“Yes, of course. I’m here to help however I can.”
“We appreciate that. We’ve identified all but one of the victims whose remains were found in the building you owned at the established time of their deaths.”
Eve laid out eleven photos. “Do you recognize any of these girls?”
“Shelby, of course, as we discussed before. And Mikki. Lupa, who was only with us briefly. I . . . This girl looks familiar, but I’m not sure.” Her finger hovered over Merry Wolcovich’s photo. “If you gave me her name, we could check our records.”
“I have. She wasn’t in residence at either of your establishments, officially.”
“If she’d been one of ours, she’d be in our records.” Shoulders stiff, she sat back. “We don’t take our responsibilities lightly.”
“But she looks familiar?”
“I . . . I just have this little flash of seeing her with Shelby, Shelby and Mikki—maybe DeLonna.”
She lifted the photo, frowning at it until a vertical line formed between her eyebrows. “She . . . I’m not sure. It was years ago, but something seems familiar.”
“Only this one?” Eve said.
“Yes, and I’m not sure of that. I—in the market!” She sat up very straight. “I went into the market, and they were all in there—with this girl. Dae Pak’s market—oh, he was such an impatient man. He complained to me, more than a few times about the children coming in, stealing or acting up. I remember because I happened to go in, and, frankly, they were being rude. I ordered the girls—our girls—to apologize and come straight back with me. I remember because I asked the other girl her name, where she lived. She told me to mind my own business, only not that politely, and ran out. I remember,” she repeated, “because I kept an eye out for her after that for a couple weeks, in case she came back. I had the feeling she might be a runaway. You start to get a sense when you w
ork with them routinely.”
“Okay.”
“Was she? A runaway?”
“Yeah.”
“And one of the girls who died.” Closing her eyes, Philadelphia laid her hand on the photo. “I should have gone after her, called CPS. I only thought of getting our girls back, and I didn’t follow through.”
“You couldn’t know,” Peabody began.
“It’s my work. I’m supposed to know. Shelby and Mikki, both of them were out of my hands when this happened to them. But some of the responsibility’s mine, isn’t it? Shelby deceived us, and she shouldn’t have been able to. We should have been more vigilant with her, but we were distracted, so excited by our good fortune we let her slip through. Now we have to live with that, with knowing that. Mikki, I don’t know what we could have done, but it feels like we could and should have been able to do something. Now they’re both gone. Both of them.”
She looked back down at the pictures, then sharply up again. “But not DeLonna. She’s not there. They were so close, the three of them. But she didn’t go with them. She stayed with us, stayed until she was sixteen.”
“But you don’t know where she is now?”
“No, and I admit, I expected, hoped, she’d keep in touch. Some of the children do, some of them don’t.”
“Did she ever ask about them? Ask to go see them or contact them?”
Philadelphia rubbed at her forehead. “It’s a lot to remember. I’ve been reviewing my notes from that time, trying to see how . . .”
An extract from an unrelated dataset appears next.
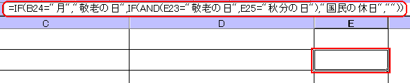 「=IF(B24="月","敬老の日",IF(AND(E23="敬老の日",E25="秋分の日"),"国民の休日",""))」

She shook her head. “I noted that DeLonna withdrew for a while, claimed to be unwell. Natural enough, when two of her closest friends left.”
“Was she sick?” Eve asked.
“Lethargic, according to my notes, and my memory. Weepy, though she tried to hide that. In session, when I was able to get her to open up a little, she talked about being one of the bad girls. Everyone left her because she was bad; she didn’t have a real home, a real family because she was bad. We worked on her self-esteem. She had such a beautiful voice, I was able to use singing to bring her out a bit more. But she never bonded with any of the other girls in the same way. And, as I said, she withdrew, went into a kind of grieving, which was natural, expected. She spent her free time in her room, and was, well, too biddable if you understand me. She’d simply do whatever she was assigned, then go back into her shell. It took nearly a year before she seemed to resolve herself.”
“Didn’t you question the fact neither of her friends made an effort to see her, to hang with her?”
“Lieutenant, children can be self-absorbed and their world is often . . . immediate. It’s the here and now, so the bonds formed inside The Sanctuary, or now HPCCY, can be strong, lifelong, or they can be tenuous, situational bonds, that dissolve once the situation changes.”
“And you don’t follow up?”
She lifted her hands—short, neat, unpolished nails, no rings, no bracelets. “We’re a transitional home, and most often for a relatively short time. Often the children and their guardians prefer to leave that behind, start new. We don’t interfere.”